Does running a groundwater replenishment scheme result in a water-secure future?

Posted 4 April 2018

Water Corporation’s Groundwater Replenishment Scheme is one of the first of its kind to be implemented in Australia and, with the country now looking forward to a water-secure future, there are many lessons to learn from the scheme.

Set to present at this year’s Ozwater’18 on aspects of running a groundwater replenishment scheme, Water Corporation Water Quality Senior Technical Advisor Stacey Hamilton said compliance requirements are a “crucial consideration”. 

“Water produced by the Advanced Water Recycling Plant (AWRP) must meet strict water quality guidelines, set by the Department of Health. Water Corporation monitors 166 chemical and microbiological parameters at Stage 1 of the Groundwater Replenishment Scheme in Craigie,” Hamilton said.  
 
“The performance of the treatment plant is continuously monitored 24 hours a day to ensure all steps in the treatment process are operating correctly. There are several water quality checkpoints throughout the treatment process to ensure each stage of the plant is working at optimum levels. 

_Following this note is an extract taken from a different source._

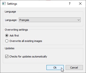La fenêtre de Converseen s’affiche. L’interface est en anglais. Pour l’afficher en français, lancez la commande Settings dans le menu File. La boîte de dialogue Settings s’affiche. Choisissez Français dans la liste déroulante Language et cliquez sur OK :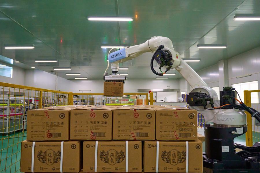 貴州山王果健康實(shí)業(yè)有限公司5G智慧工廠全自動包裝線正在工作。(新華社發(fā))

“If water does not meet the required standard when it reaches a check point, it triggers an alert for action to be taken. The performance of the treatment plant is also reviewed with the Department of Health on a monthly basis.”

While compliance is a fundamental step to get right and the trial highlighting the challenges inherent in achieving successful operation, Hamilton said the payoff “has been huge”.

“Understanding the intricacies of a full-scale plant in both design and operation aspects produced some great operational learnings. One of the first challenges was understanding the impact of the overall hydraulic profile of a full-scale AWRP on water quality performance, compared to the trial plant,” Hamilton said. 
 
“Other lessons learnt included the modification of the process used to clean the reverse osmosis membranes in the full-scale AWRP, allowing membranes to be cleaned more effectively. 

“All this hard work has paid off, with Stage 1 of the Groundwater Replenishment Scheme now operating for around six months, with more than 3GL of recycled water recharged to aquifers.”
 
Now the scheme is fully operational and set to expand. Hamilton said the benefits are “clear cut”, with Perth now able to access more water, in a more sustainable fashion. 

“Water Corporation has been working towards the targets in Water Forever – which is its long-term plan to secure water supplies in the drying climate,” she said. 

“Water Forever adopts a three-pronged approach, which includes working with the community to reduce water use, increasing the amount of water recycled and developing new water sources.
 
“Groundwater replenishment ticks two of these boxes – a new water source and an increase in water recycling. So far, Stage 1 of the scheme has recharged more than 3 billion litres of water. When the scheme ramps up to full capacity, it will be able to recharge up to 14 billion litres of water each year.”